**Data for this exercise**

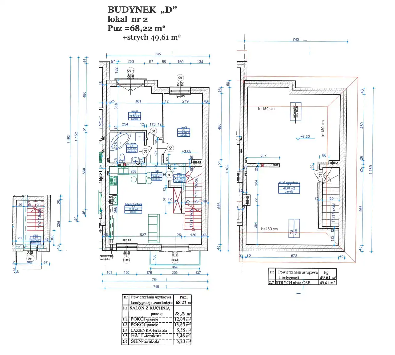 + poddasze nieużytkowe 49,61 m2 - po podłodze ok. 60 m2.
...
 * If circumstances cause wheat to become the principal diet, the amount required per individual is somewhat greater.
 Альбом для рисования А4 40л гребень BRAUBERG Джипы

**Task details**
All that belongs in your answer is the stretch of entries above from the line with "is somewhat greater." through the line with "Альбом для рисования", printed exactly.

**Exercise response**
 * If circumstances cause wheat to become the principal diet, the amount required per individual is somewhat greater.
 Альбом для рисования А4 40л гребень BRAUBERG Джипы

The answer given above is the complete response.